Dominios de inmunoglobulinas sintéticas con propiedades de unión modificadas en regiones de la molécula diferentes de las regiones que determinan la complementariedad.
Un dominio variable de inmunoglobulina, o una parte de este, que comprende al menos una región de bucle estructural de un dominio variable de la cadena pesada o ligera de una inmunoglobulina,
comprendiendo dicha al menos una región de bucle estructural al menos una modificación para proporcionar un sitio de unión que no es una CDR que se une a un epitopo de un antígeno, no uniéndose dicha región de bucle estructural no modificada a dicho epitopo, en el que dicha modificación comprende una mutagénesis en un bucle inferior seleccionado del grupo que consiste en los bucles que conectan las cadenas beta A-B, C-C', C''-D y E-F del dominio variable.
Tipo: Patente Europea.

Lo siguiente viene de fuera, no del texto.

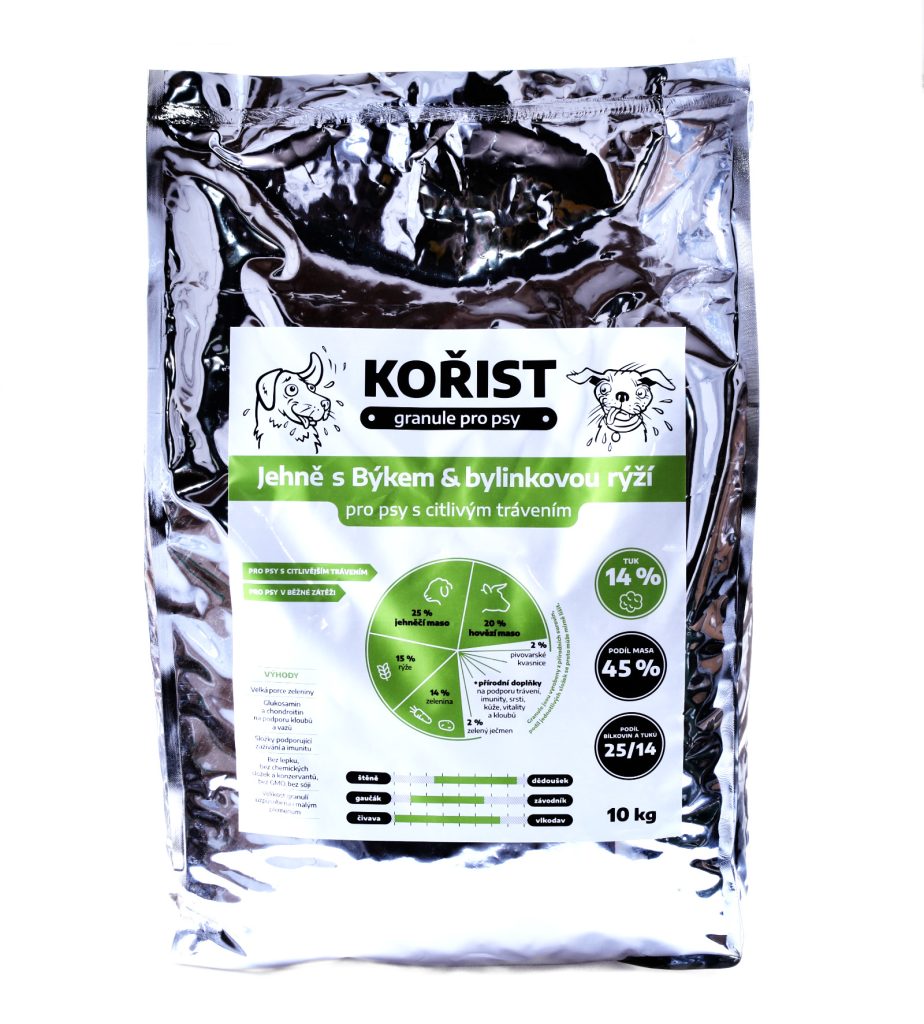 Kořist granule Jehně s Býkem a bylinkovou rýží 25/14 Hmotnost: 10 kg

Resumen de patente/invención. Número de Solicitud: E08168439.
Solicitante: F-STAR BIOTECHNOLOGISCHE FORSCHUNGS- UND ENTWICKLUNGSGES.M.B.H..
Nacionalidad solicitante: Austria.
Dirección: GASTGEBGASSE 5-13 1230 WIEN AUSTRIA.
Inventor/es: HIMMLER, GOTTFRIED, RUKER, FLORIAN, WOZNIAK-KNOPP,GORDANA.
Fecha de Publicación: .
Clasificación Internacional de Patentes:
- C07K16/00 QUIMICA; METALURGIA. › C07 QUIMICA ORGANICA. › C07K PEPTIDOS (péptidos que contienen β -anillos lactamas C07D; ipéptidos cíclicos que no tienen en su molécula ningún otro enlace peptídico más que los que forman su ciclo, p. ej. piperazina diones-2,5, C07D; alcaloides del cornezuelo del centeno de tipo péptido cíclico C07D 519/02; proteínas monocelulares, enzimas C12N; procedimientos de obtención de péptidos por ingeniería genética C12N 15/00). › Inmunoglobulinas, p. ej. anticuerpos mono o policlonales.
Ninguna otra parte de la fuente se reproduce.